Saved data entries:
<<<<
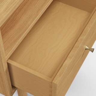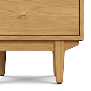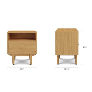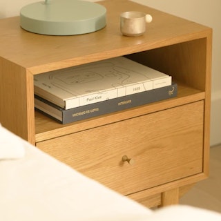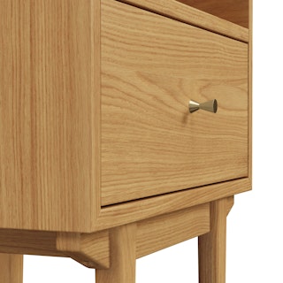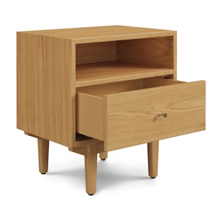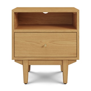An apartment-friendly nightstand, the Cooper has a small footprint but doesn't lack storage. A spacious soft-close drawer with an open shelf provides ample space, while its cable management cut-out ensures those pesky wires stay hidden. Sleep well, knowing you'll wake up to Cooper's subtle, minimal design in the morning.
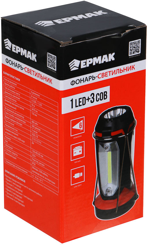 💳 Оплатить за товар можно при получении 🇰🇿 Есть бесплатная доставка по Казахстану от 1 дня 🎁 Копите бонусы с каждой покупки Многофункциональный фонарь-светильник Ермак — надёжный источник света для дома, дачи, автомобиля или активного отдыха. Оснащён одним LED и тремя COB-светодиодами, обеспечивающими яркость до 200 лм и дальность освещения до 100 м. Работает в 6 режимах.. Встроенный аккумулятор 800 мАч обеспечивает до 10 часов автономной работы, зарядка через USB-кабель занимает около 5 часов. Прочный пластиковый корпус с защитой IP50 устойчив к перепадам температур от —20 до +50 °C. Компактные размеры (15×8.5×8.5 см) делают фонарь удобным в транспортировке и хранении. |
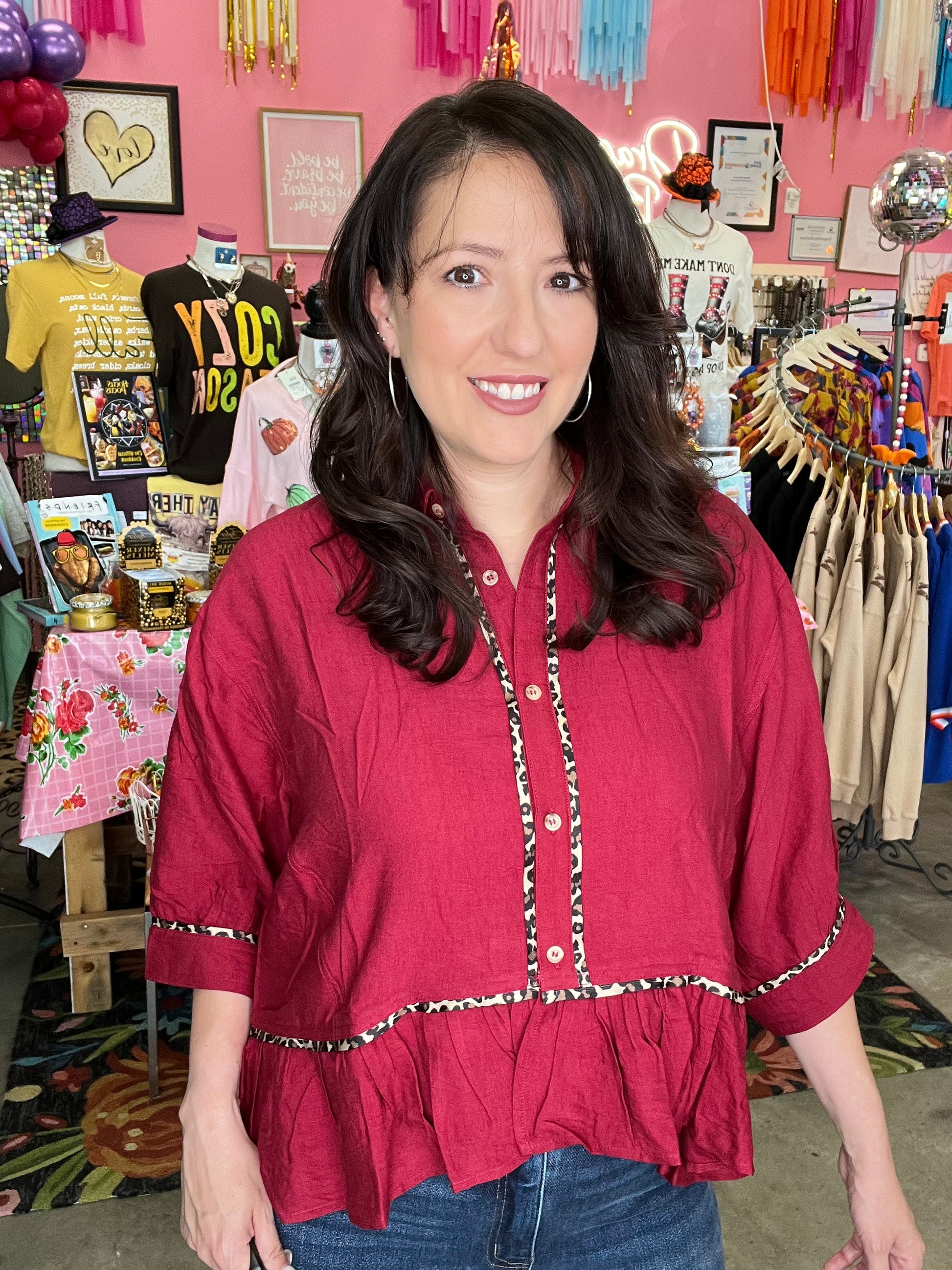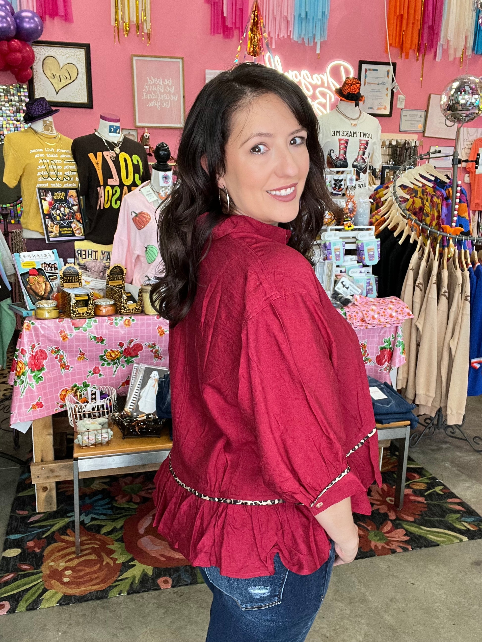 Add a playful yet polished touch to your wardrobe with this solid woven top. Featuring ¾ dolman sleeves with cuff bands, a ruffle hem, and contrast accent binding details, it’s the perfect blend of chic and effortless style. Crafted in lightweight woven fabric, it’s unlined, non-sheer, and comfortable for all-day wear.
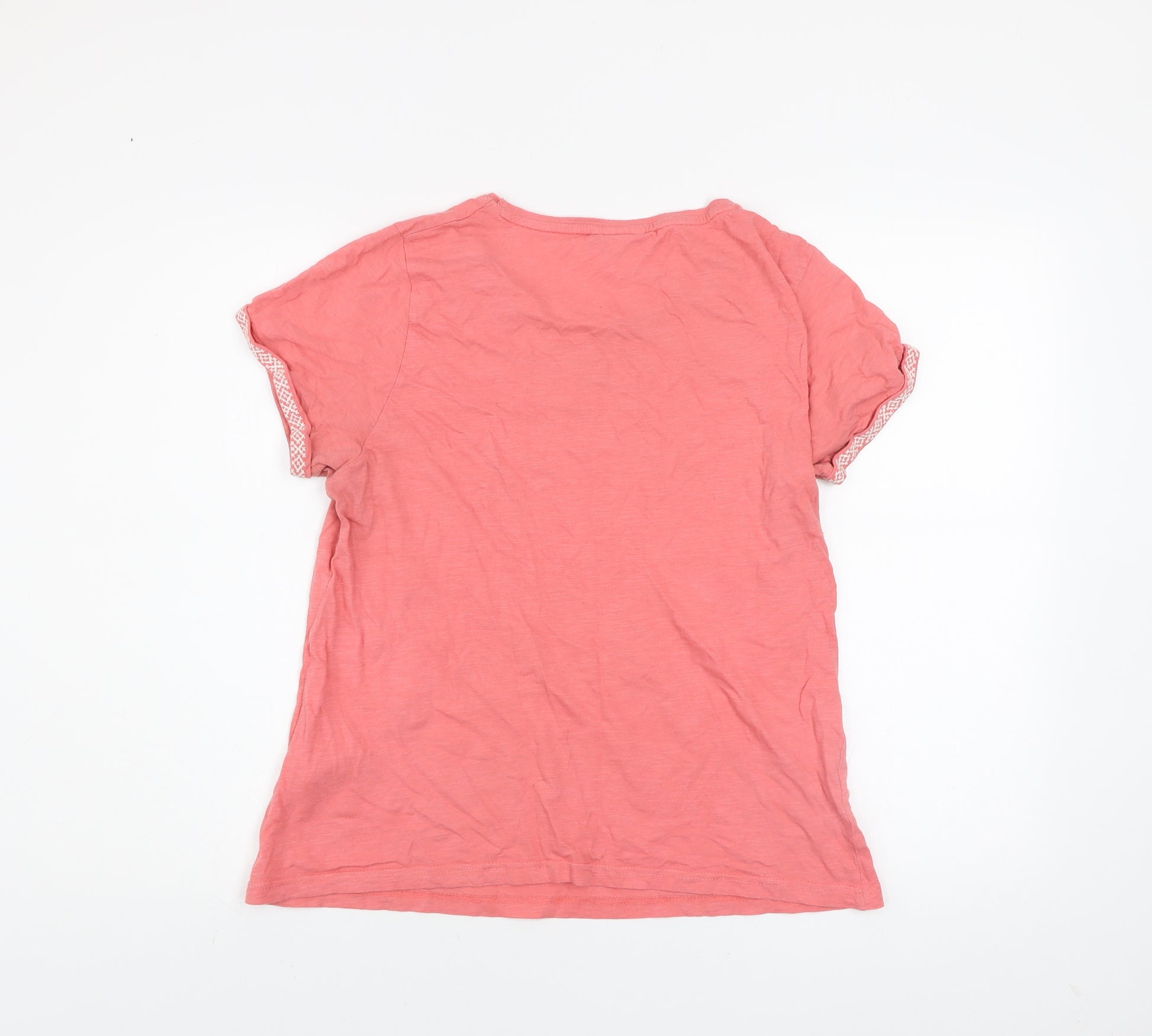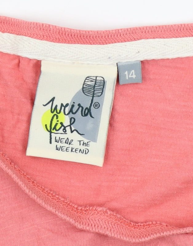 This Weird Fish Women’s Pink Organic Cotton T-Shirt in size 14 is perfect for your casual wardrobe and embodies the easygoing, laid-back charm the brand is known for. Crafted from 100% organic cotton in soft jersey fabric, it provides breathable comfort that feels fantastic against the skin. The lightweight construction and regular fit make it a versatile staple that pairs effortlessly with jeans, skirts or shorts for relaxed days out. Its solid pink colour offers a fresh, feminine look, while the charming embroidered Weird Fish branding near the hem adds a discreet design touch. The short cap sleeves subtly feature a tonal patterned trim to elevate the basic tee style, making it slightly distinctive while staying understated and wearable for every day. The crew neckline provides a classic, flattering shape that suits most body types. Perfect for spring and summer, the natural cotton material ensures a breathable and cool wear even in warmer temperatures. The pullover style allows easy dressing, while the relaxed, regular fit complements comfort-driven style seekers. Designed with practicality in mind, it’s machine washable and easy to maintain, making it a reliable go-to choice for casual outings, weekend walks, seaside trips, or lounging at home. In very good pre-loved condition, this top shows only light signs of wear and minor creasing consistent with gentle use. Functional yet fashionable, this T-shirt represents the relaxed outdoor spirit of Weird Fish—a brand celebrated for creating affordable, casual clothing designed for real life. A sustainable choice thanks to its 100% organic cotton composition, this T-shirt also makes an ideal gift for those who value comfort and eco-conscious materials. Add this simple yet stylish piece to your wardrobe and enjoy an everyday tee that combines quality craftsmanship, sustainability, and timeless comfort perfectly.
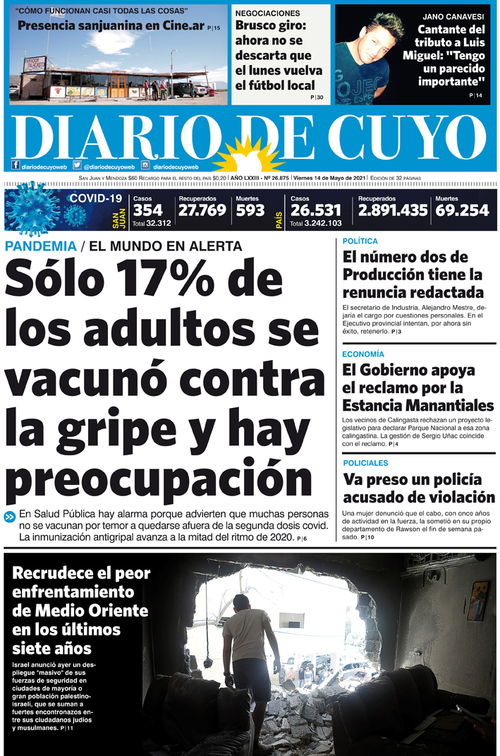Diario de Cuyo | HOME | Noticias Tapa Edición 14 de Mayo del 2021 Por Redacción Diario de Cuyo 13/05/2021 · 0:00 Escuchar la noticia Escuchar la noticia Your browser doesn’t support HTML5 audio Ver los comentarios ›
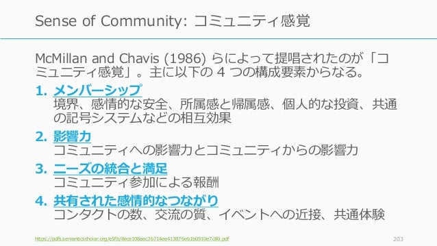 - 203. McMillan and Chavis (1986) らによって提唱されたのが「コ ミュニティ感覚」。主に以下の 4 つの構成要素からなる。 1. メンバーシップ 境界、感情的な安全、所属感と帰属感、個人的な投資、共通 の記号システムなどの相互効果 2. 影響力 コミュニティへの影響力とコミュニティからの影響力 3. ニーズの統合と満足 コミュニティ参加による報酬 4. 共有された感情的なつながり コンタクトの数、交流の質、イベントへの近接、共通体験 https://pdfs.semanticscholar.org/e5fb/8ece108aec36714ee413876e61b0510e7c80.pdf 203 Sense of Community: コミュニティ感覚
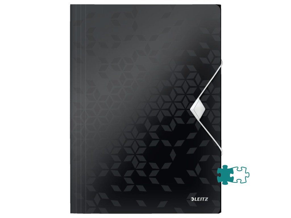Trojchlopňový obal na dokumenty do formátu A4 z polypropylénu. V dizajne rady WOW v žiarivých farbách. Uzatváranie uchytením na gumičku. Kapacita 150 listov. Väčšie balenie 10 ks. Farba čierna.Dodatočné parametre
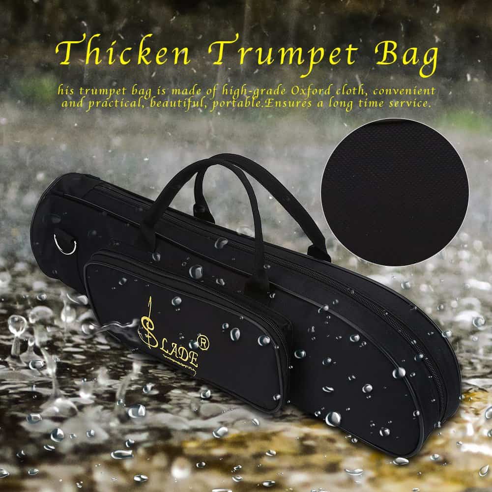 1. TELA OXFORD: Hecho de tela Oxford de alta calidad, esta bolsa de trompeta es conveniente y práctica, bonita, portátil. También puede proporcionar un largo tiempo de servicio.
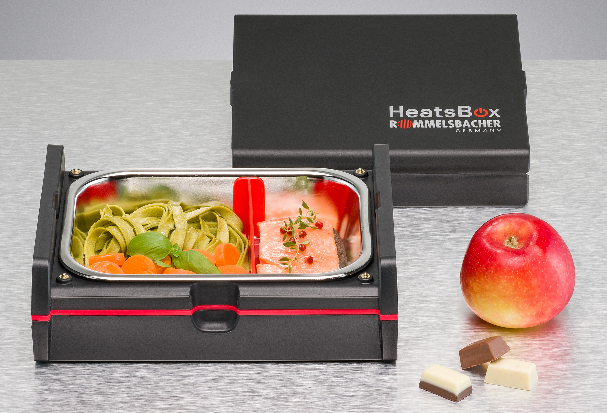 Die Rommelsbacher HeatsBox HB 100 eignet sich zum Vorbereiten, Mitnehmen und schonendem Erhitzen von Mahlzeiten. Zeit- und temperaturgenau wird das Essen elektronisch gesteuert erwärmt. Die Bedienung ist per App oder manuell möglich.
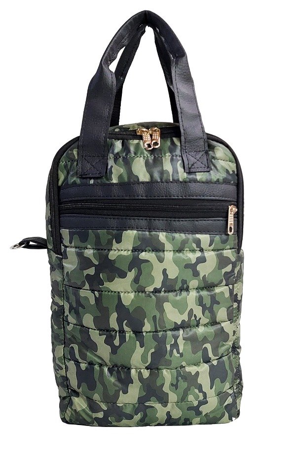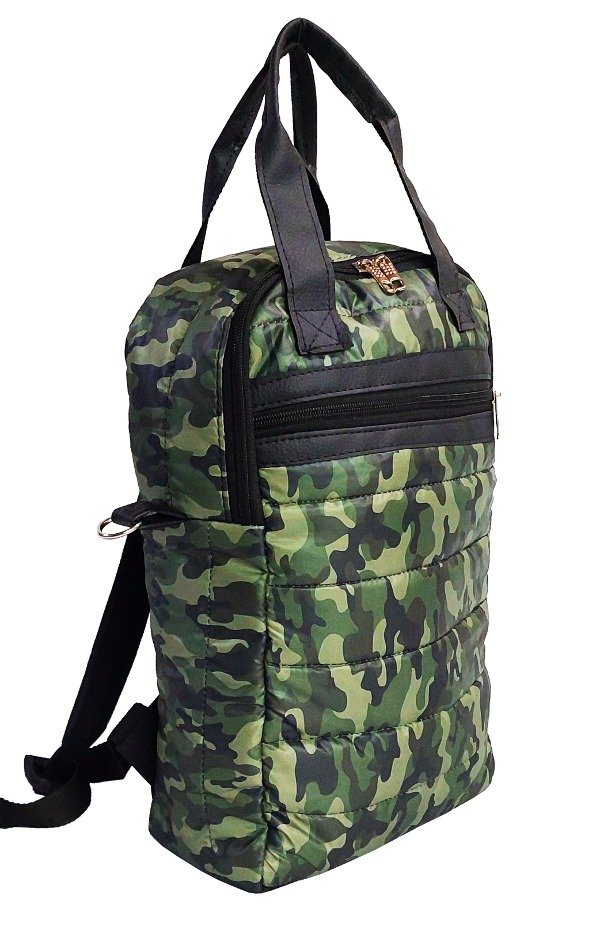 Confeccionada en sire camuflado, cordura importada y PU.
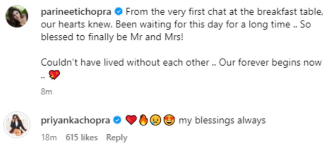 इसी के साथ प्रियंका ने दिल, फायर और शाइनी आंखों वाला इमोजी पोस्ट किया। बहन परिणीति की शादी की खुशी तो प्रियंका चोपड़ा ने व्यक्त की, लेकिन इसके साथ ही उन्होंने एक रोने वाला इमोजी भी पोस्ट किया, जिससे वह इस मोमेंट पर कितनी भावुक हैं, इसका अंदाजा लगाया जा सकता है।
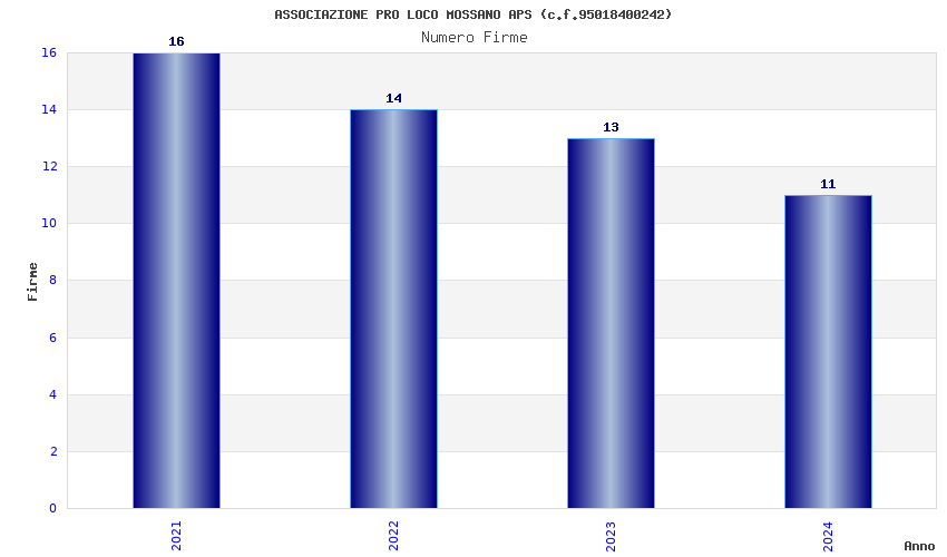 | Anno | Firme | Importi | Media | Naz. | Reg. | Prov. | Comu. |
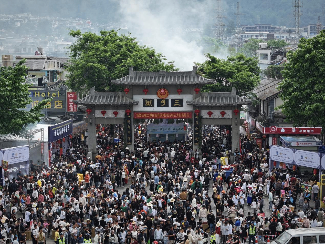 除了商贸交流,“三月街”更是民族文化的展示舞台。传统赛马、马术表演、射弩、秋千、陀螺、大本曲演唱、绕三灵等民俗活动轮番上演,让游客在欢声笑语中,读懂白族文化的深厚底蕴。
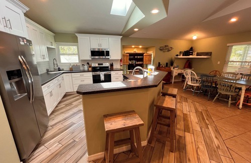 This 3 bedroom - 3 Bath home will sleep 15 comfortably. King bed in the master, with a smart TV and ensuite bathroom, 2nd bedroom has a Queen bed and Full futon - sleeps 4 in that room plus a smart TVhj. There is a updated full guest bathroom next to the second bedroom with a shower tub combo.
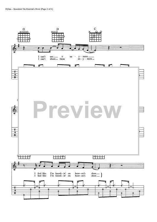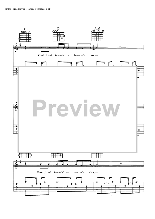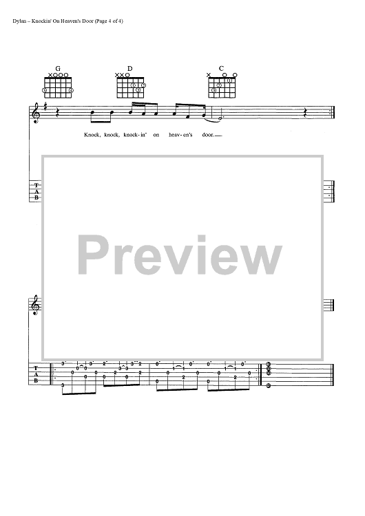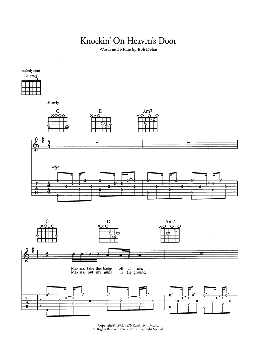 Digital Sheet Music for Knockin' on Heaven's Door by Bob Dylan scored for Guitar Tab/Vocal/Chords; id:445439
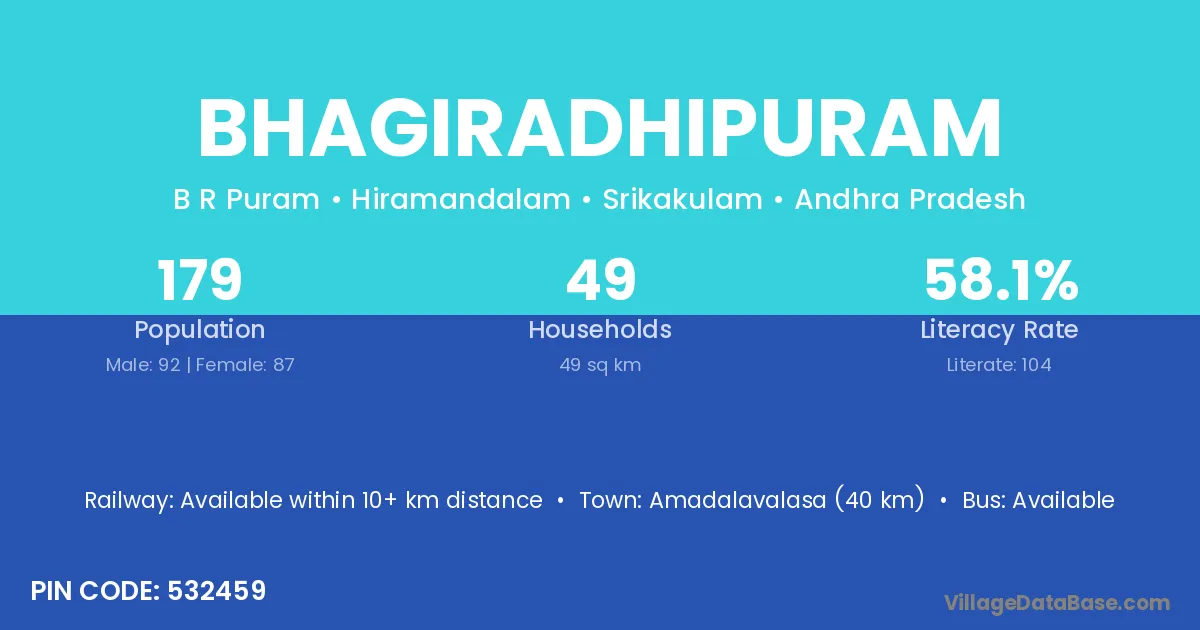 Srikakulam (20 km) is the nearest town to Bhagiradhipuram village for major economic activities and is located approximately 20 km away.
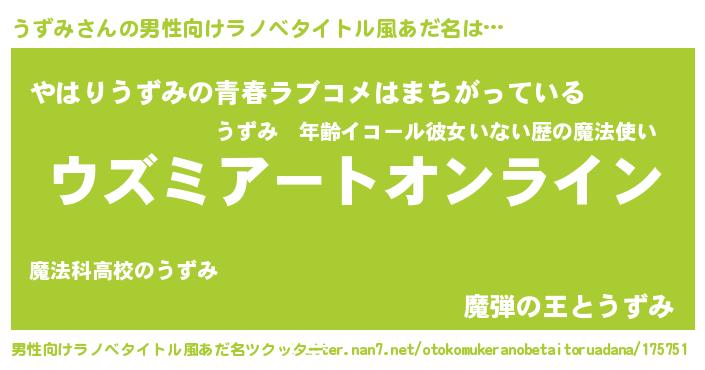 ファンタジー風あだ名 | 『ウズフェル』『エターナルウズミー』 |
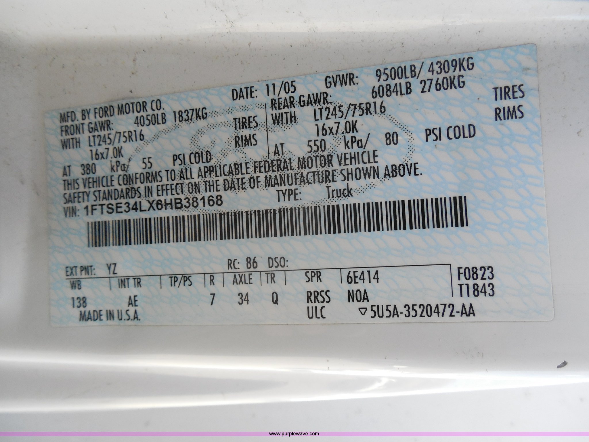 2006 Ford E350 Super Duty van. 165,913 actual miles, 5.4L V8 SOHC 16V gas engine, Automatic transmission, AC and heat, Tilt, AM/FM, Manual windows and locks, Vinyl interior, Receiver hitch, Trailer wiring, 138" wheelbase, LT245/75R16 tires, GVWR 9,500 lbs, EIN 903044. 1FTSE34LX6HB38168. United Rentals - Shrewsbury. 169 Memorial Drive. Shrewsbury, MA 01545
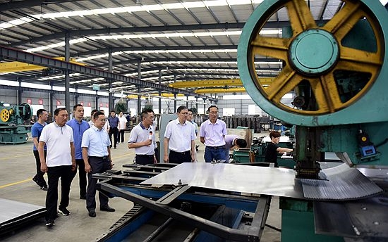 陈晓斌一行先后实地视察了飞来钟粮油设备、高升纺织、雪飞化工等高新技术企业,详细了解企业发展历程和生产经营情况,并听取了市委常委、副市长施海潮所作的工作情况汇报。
>>>>
▸ EXERCISE GOAL
Using the data above, return the lines from the one holding "Digital Sheet Music" through the one holding "ファンタジー風あだ名 | 『ウズフェル』『エターナルウズミー』 |" exactly, but not the pictures.

▸ RESULT FOR THIS EXERCISE
 Digital Sheet Music for Knockin' on Heaven's Door by Bob Dylan scored for Guitar Tab/Vocal/Chords; id:445439
 Srikakulam (20 km) is the nearest town to Bhagiradhipuram village for major economic activities and is located approximately 20 km away.
 ファンタジー風あだ名 | 『ウズフェル』『エターナルウズミー』 |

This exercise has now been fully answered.